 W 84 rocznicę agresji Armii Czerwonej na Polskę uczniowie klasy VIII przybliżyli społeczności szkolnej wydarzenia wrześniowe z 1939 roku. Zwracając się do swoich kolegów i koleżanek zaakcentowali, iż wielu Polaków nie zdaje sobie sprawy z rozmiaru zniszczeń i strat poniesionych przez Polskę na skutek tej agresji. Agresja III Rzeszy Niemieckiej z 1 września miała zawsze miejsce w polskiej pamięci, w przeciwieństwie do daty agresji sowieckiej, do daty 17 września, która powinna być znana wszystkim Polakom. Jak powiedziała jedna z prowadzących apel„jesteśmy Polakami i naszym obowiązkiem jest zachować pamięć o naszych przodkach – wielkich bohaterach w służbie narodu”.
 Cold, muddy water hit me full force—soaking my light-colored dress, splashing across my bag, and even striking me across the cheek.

---

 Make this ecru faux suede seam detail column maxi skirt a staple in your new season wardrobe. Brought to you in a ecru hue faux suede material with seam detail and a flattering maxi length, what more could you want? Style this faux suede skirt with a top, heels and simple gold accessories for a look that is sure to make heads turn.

* * *

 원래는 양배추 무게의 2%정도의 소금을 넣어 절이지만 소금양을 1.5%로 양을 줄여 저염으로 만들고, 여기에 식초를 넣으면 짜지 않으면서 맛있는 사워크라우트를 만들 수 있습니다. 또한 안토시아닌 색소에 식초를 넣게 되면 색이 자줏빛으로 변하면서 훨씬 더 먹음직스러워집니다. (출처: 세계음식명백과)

WHAT THIS TASK INVOLVES >> Starting with the line that holds "W 84 rocznicę" and ending with the line that holds "Cold, muddy water", retype every line in the data above exactly, and nothing else.

SOLUTION TO THIS TASK >>
 W 84 rocznicę agresji Armii Czerwonej na Polskę uczniowie klasy VIII przybliżyli społeczności szkolnej wydarzenia wrześniowe z 1939 roku. Zwracając się do swoich kolegów i koleżanek zaakcentowali, iż wielu Polaków nie zdaje sobie sprawy z rozmiaru zniszczeń i strat poniesionych przez Polskę na skutek tej agresji. Agresja III Rzeszy Niemieckiej z 1 września miała zawsze miejsce w polskiej pamięci, w przeciwieństwie do daty agresji sowieckiej, do daty 17 września, która powinna być znana wszystkim Polakom. Jak powiedziała jedna z prowadzących apel„jesteśmy Polakami i naszym obowiązkiem jest zachować pamięć o naszych przodkach – wielkich bohaterach w służbie narodu”.
 Cold, muddy water hit me full force—soaking my light-colored dress, splashing across my bag, and even striking me across the cheek.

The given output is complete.